Though apprehensive to go inside out of worry of disturbing anyone sleeping, I discovered the side-room unoccupied and ready for me. I put the candles on and I got a meal on the go while the midsummer glow fizzled out in the northern skies out the window. I rolled over to sleep, quite content, ready for a big day tomorrow.

Beinn Bheoil

Morning brought an dense mist to the mountains, a ceiling clamped down on the summits. The light was a dirty yellow, and oddly, it really had an effect on my mood. I headed off for Beinn Bheoil, feeling all too acutely the sweeping silence of the mountains, their hemmed in walls. This dirty ceiling which wouldn't lift. Ugly rock structures streaked the side of Ben Alder. It was all a bit sickly.

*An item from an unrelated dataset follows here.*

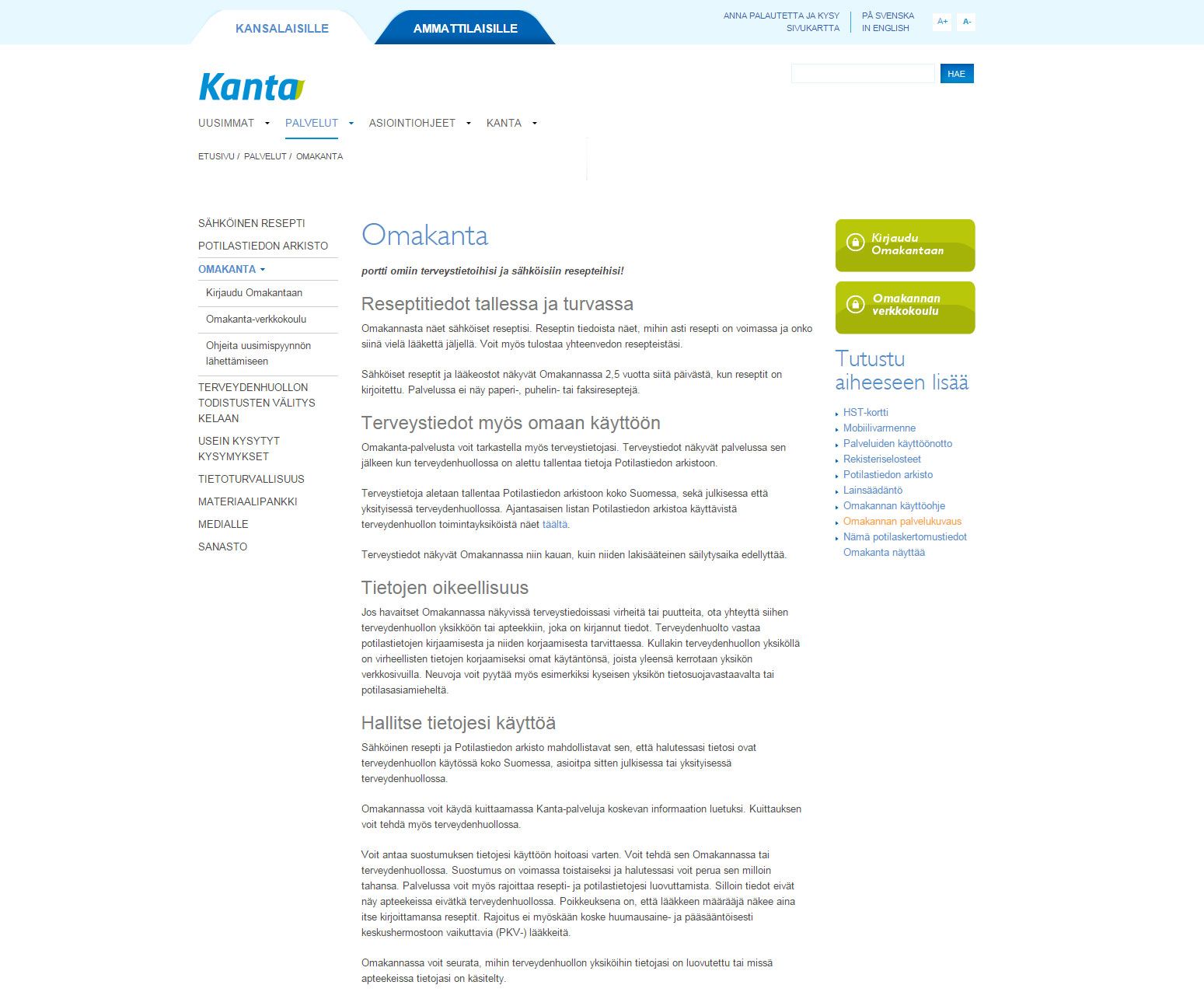 Me asiakkaat pääsemme järjestelmään Omakanta-palvelun kautta. Sitä on helppo käyttää, vaikka byrokraattinen kieli vähän häiritseekin.

I took the stalkers track to just short of Loch a' Bhealaich Bheithe, then headed up the side of Beinn Bheoil. As I gained the ridge, the mist began to lift and the views opened up. I get this recurring theme on mountains - I like to leave the enclosure of the valleys behind and feel the body charge up and get ready to boost for a day on the high tops. It's a great feeling to watch the horizons pull into view, and Beinn Bheoil was no exception.

Ben Alder

Unfortunately, Beinn Bheoil was too clouded in to get a summit panorama, but things just continued to improve as I headed on my way to Ben Alder via. Sron Coire na h-Iolaire. Ben Alder is a fascinating peak. It's plateau encloses an east face with sculpted spurs falling off into valleys, all classic glaciated carving. It resides in an remote part of the Highlands, but can also be seen from the A9 down the length of Loch Ericht. It's has an air of mystery; it's own (haunted?) bothy on the south side, a Prince Charlie's Cave, and the association of having had a French guy found shot dead on the plateau in 1996. Eek.

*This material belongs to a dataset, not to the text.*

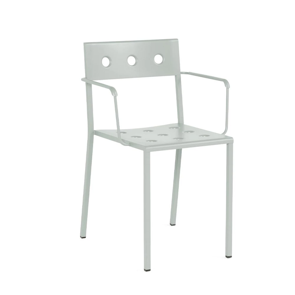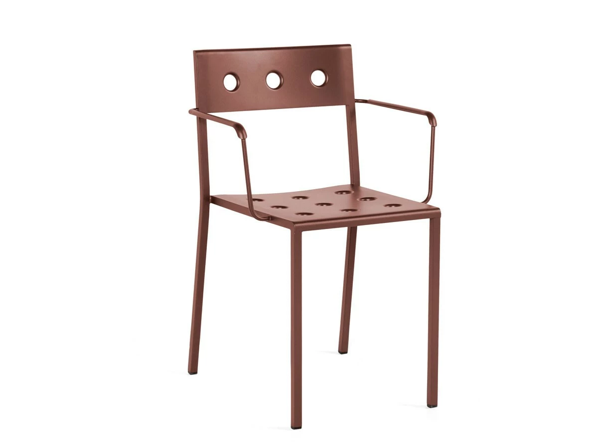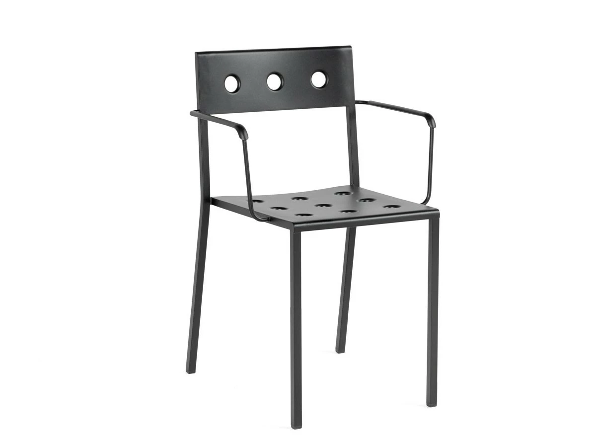 Designed by Ronan and Erwan BouroullecManufactured by HayDesigned for HAY by Ronan and Erwan Bouroullec, the Balcony Armchair is an elegant and functional dining chair with armrests for outdoor use. The square design is softened by the rounded back and slender armrests, with the multiple holes in the seat and back strengthening the construction, as well as creating a distinct expression. Made in powder-coated steel with an outdoor primer for optimal resilience and durability, Balcony is available in a number of different colour options. The chair’s stackable design means it is well suited to all kinds of spaces, from small balconies and terraces to gardens and other larger outside areas.
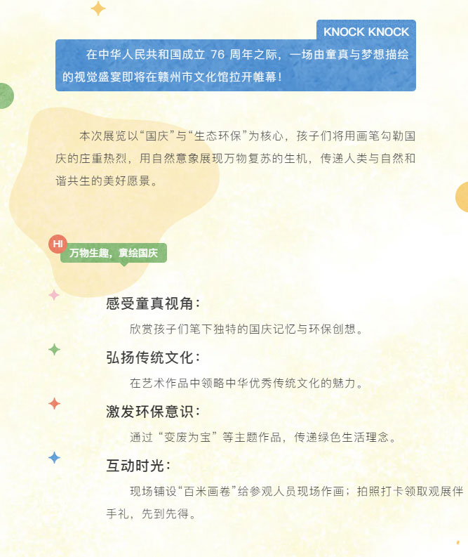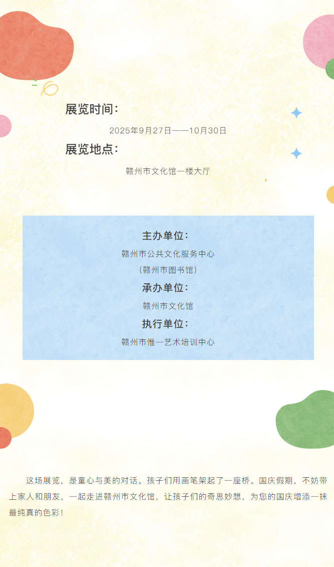 当前位置: 首页 > 文化动态 > 展览预告 | “万物生趣 童绘国庆”——国庆儿童书画作品展即将启幕!

Another quirk of this mountain is Lochan a' Garbh Choire, which must be the highest (named) lochan in Scotland. It's really more of a stony puddle, but I enjoyed the novelty anyway.

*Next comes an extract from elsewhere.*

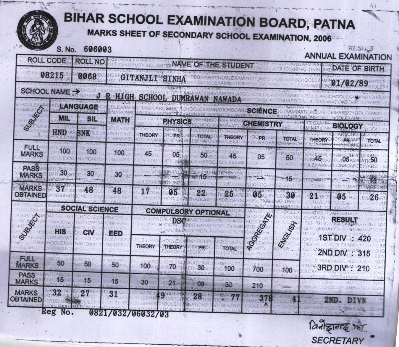 | Exam | Full Marks | Pass Marks | Marks Obtained |

On the summit, I gave Struan a call - he was still in work in Edinburgh, and made his envy known in no uncertain terms! I looked back up Loch Ericht - Dalwhinnie seemed a very long way off - definitely a longer distance than I had just cycled and walked. I took some time at the top before heading off for my next Munro, Geal-charn.


Geal-charn is a distance from Ben Alder - and this section was interesting for being somewhere I had to bring the map out in completely clear visibility. The plateau to the north is so expansive that I simply didn't know which direction to go. I knew I wanted to cross via. the Bealach Dubh, but where was it? As I made progress towards Geal-charn, the west was all clear and in sight, a ragged skyline contrasting the soft browns of this portion of the Central Highlands. I crossed Bealach Dubh, surprised by the appearance of aircraft wreckage that I only learned out about later.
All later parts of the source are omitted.